#### DATA SHOWN:

=== Section Start ===

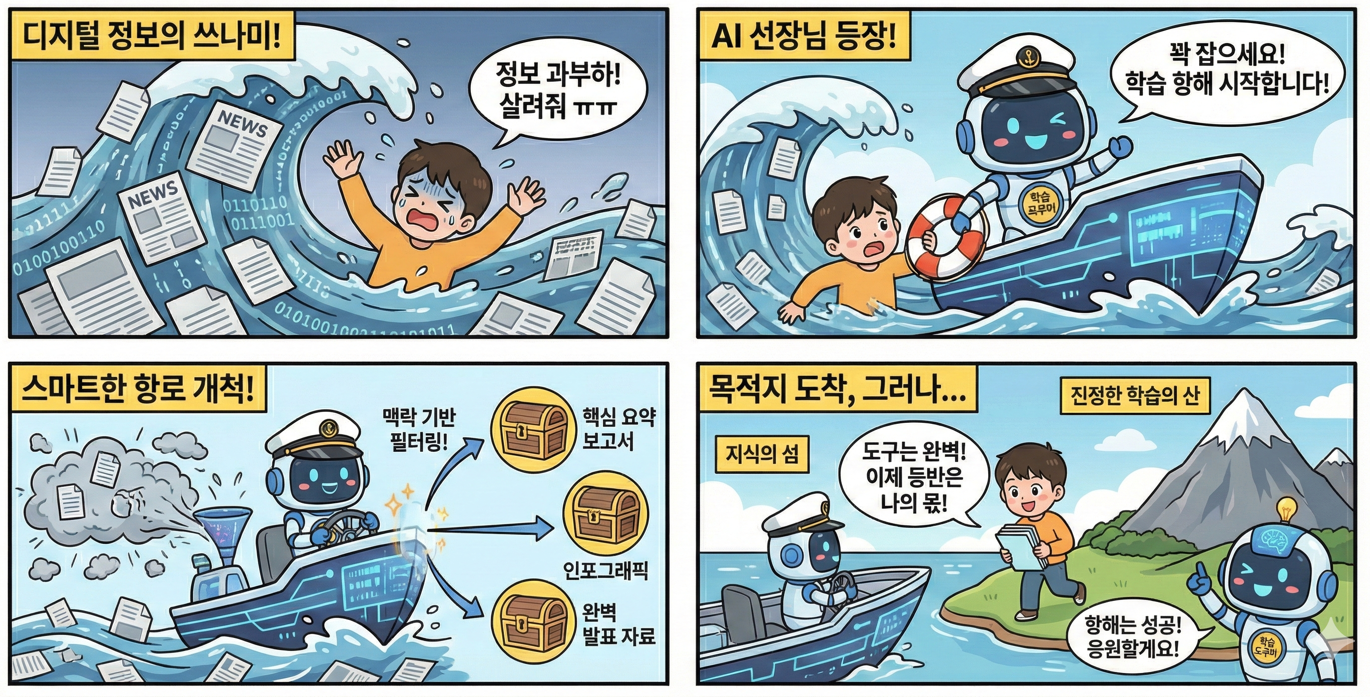 💭 핵심은 조합입니다. 사용자마다 효율적인 학습 방법/패턴이 같을 리 없으므로, 어떤 도구든지 하나만 고집하기보다 학습 단계와 목적에 따라 여러 도구를 적절히 조합하는 것이 가장 효과적입니다. 이 섹션에 언급한 서비스 외에도 4장(생성형 AI 기반 서비스)에서 소개한 여러 도구들을 조합해 자신만의 워크플로우를 찾아가길 권장합니다.
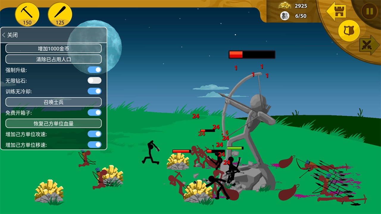 《火柴人战争遗产fm魔改版》是一款策略塔防类射击手游。火柴人战争遗产fm魔改版中文中玩家是一名指挥官,通过指挥自己的部队与敌人展开激烈的战斗。玩家可以通过建设基地、招募火柴人士兵、升级武器和技能等手段来提升自己的部队实力。
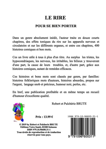 LE RIRE POUR SE BIEN PORTER Dans un genre absolument inédit, l'auteur traite en douze courts chapitres, des effets toniques du rire sur les appareils nerveux et circulatoire et sur les différents organes, et entre ces chapitres, 400 histoires comiques et bon mots. Ces un livre utile à tous à plus d'un titre. Au surplus les tristes, les hypocondriaques, les nerveux, les irritables, les bilieux y trouveront d'une part, la cause de leurs troubles, et, d'autre part, grâce aux histoires comiques, autant de remèdes efficaces. Ces histoires et bons mots sont classés par genre, par familles : histoires folkloriques mots d'auteurs, histoires absurdes, propos sur l'argent, langage snob et précieux, humour noir, perles, etc. En bref, une publication profitable et en même temps un recueil d'humour d'excellente qualité.

=== Section End ===

#### EXERCISE AIM:
In repeating the lines above, keep the wording exact and leave every picture out.

#### REPLY:
 💭 핵심은 조합입니다. 사용자마다 효율적인 학습 방법/패턴이 같을 리 없으므로, 어떤 도구든지 하나만 고집하기보다 학습 단계와 목적에 따라 여러 도구를 적절히 조합하는 것이 가장 효과적입니다. 이 섹션에 언급한 서비스 외에도 4장(생성형 AI 기반 서비스)에서 소개한 여러 도구들을 조합해 자신만의 워크플로우를 찾아가길 권장합니다.
 《火柴人战争遗产fm魔改版》是一款策略塔防类射击手游。火柴人战争遗产fm魔改版中文中玩家是一名指挥官,通过指挥自己的部队与敌人展开激烈的战斗。玩家可以通过建设基地、招募火柴人士兵、升级武器和技能等手段来提升自己的部队实力。
 LE RIRE POUR SE BIEN PORTER Dans un genre absolument inédit, l'auteur traite en douze courts chapitres, des effets toniques du rire sur les appareils nerveux et circulatoire et sur les différents organes, et entre ces chapitres, 400 histoires comiques et bon mots. Ces un livre utile à tous à plus d'un titre. Au surplus les tristes, les hypocondriaques, les nerveux, les irritables, les bilieux y trouveront d'une part, la cause de leurs troubles, et, d'autre part, grâce aux histoires comiques, autant de remèdes efficaces. Ces histoires et bons mots sont classés par genre, par familles : histoires folkloriques mots d'auteurs, histoires absurdes, propos sur l'argent, langage snob et précieux, humour noir, perles, etc. En bref, une publication profitable et en même temps un recueil d'humour d'excellente qualité.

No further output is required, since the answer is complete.